**WHAT YOU SHOULD DO**
Locate all lines in the data below that hold "door" and show them.

(INPUT MATERIAL begins)

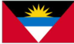
Antigua and Barbuda
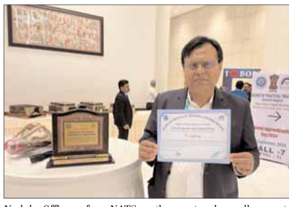
Nodal Officer for NATS, served as the Coordinator of
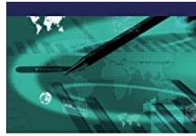
Global Value Chains and Regional Economic Integration Development

I'm a college teacher who teaches for more than 20 years in university since 1999. I enjoy myself in doing research and teaching in my academic life. I have taught for over twenty years in University since 1999. Most of my students work in financial institutions, insurance companies, stock markets and financial department in good companies. In the meanwhile, I also acted as a financial/strategic consultant in four medium-sized enterprises since March, 2009. I expect that there are two main academic directions to do subsequent research in the future. In addition, I'm also a Buddhist and was converted to
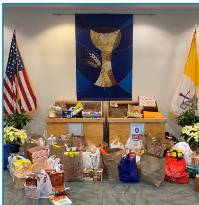
2022 is the Year of the Eucharist
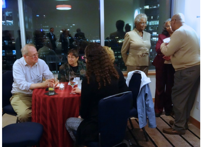
Members and friends socialize at the joint GSIS/GSA Geoinformatics Division Reception.
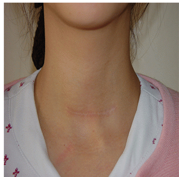
Figure 3 Incision for conventional open thyroidectomy. The length of the incision is 6.0 cm.
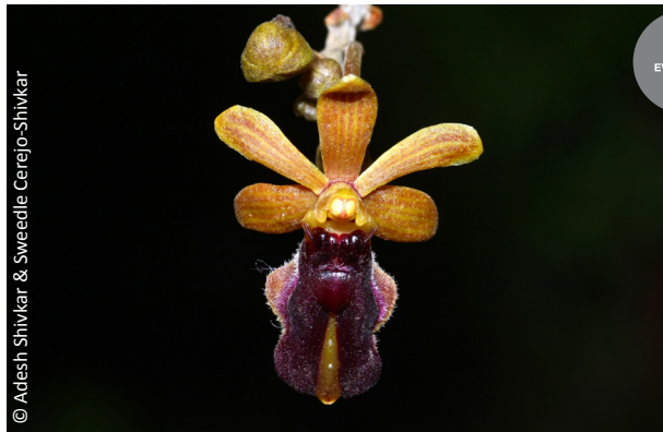
Image 4. Cottonia peduncularis

Phorophyte : Tectona grandis , Mangifera indica
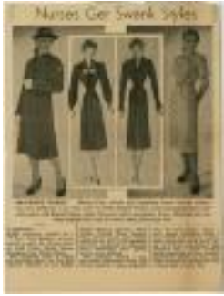
Nurses Get Swank Styles (KA0023_000001)
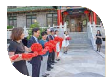
CMB WELCOMES FRIENDS TO NEW BEIJING OFFICE SEPTEMBER 10, 2016

Asia Trek 2016 brought Fellows to Thailand and engaged them on the theme of vulnerable populations, especially urban and ethnic migrants.
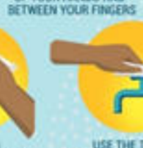
USE THE TOWEL TO TURN OFF THE FAUCET
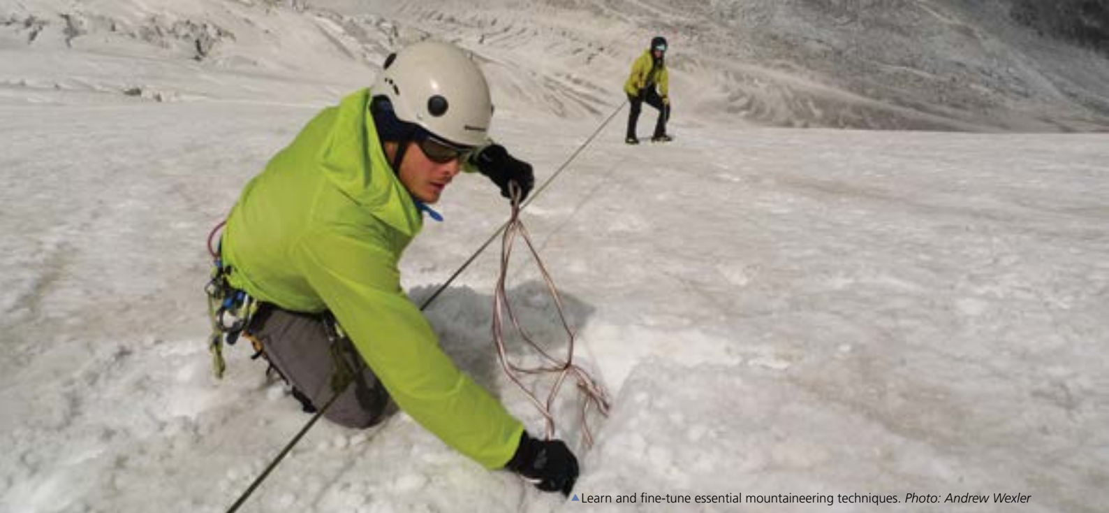
▲ Learn and fine-tune essential mountaineering techniques.
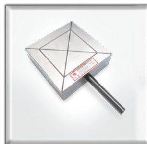
NL 4000 X / 001 - A005
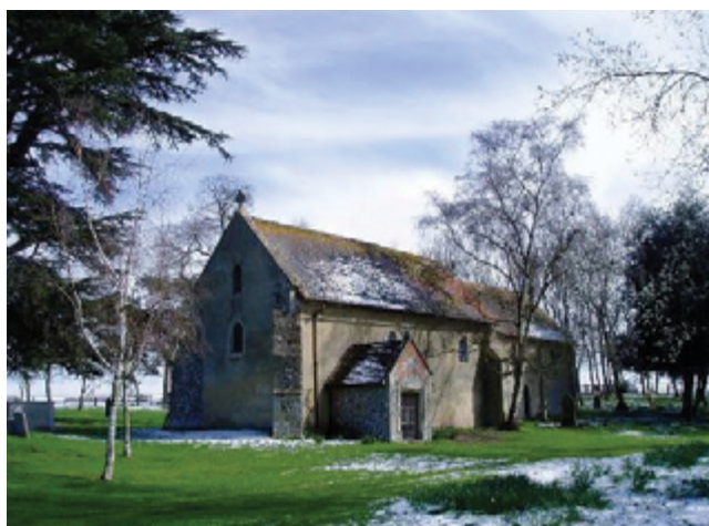
St Mark and St Luke, Avington: a fine small Norman church,

106 of the listed buildings in the district are Grade II* including:
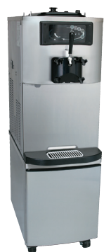
Optional cart with front opening door

Protects the operator from injury as the beater will not operate without the dispensing door in place.
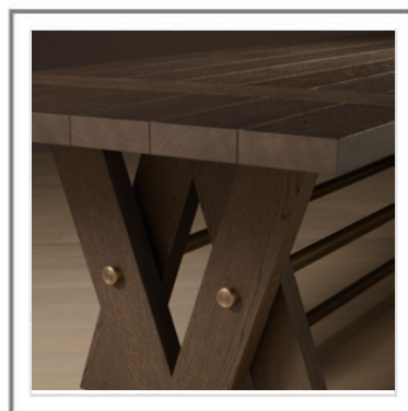
DOUBLE V_ Dettaglio gamba e top | Detail view: leg and top
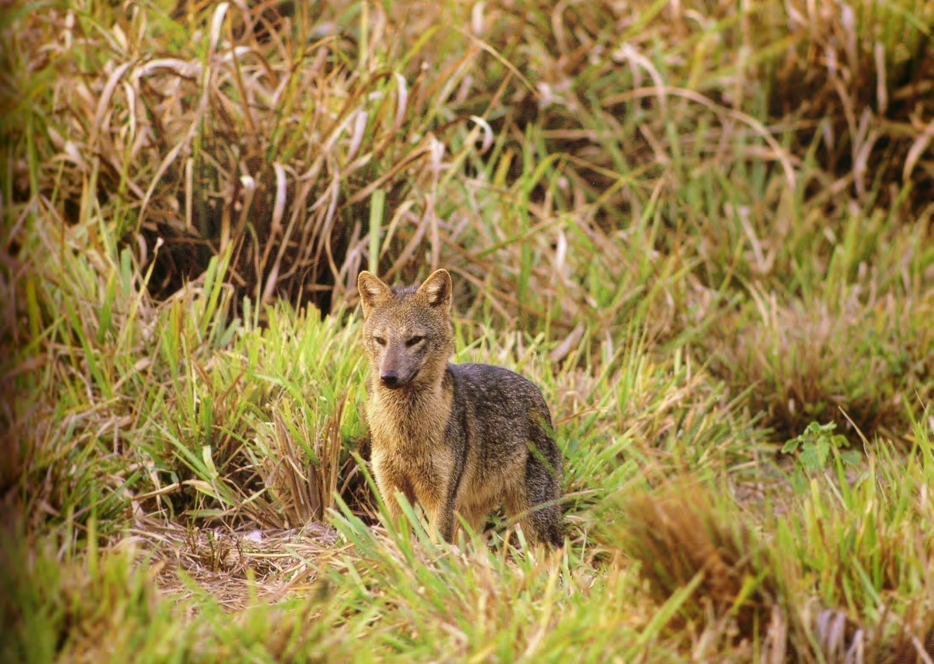
Pampas Fox ( Lycalopex gymnocercus ) 팜파스여우 河狐
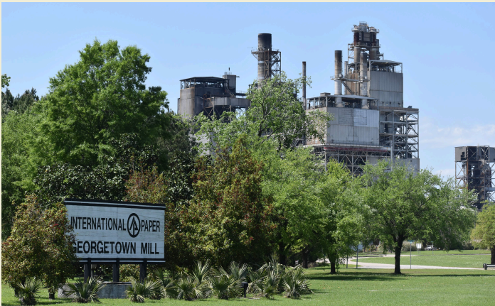
The IP mill sits idle since operations ceased at the end of last year.

In the wake of the recent closure of the International Paper mill, Georgetown County and the City of Georgetown are keeping a close eye on the future of the property and the potential it holds for economic growth and job creation.
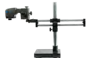
Double arm stand
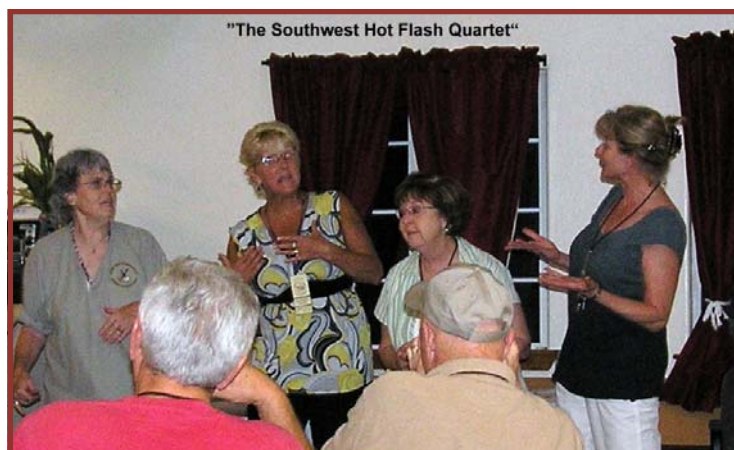
SW Hot Flash Quartet

(INPUT MATERIAL ends)

**RESPONSE AREA**
Optional cart with front opening door
Protects the operator from injury as the beater will not operate without the dispensing door in place.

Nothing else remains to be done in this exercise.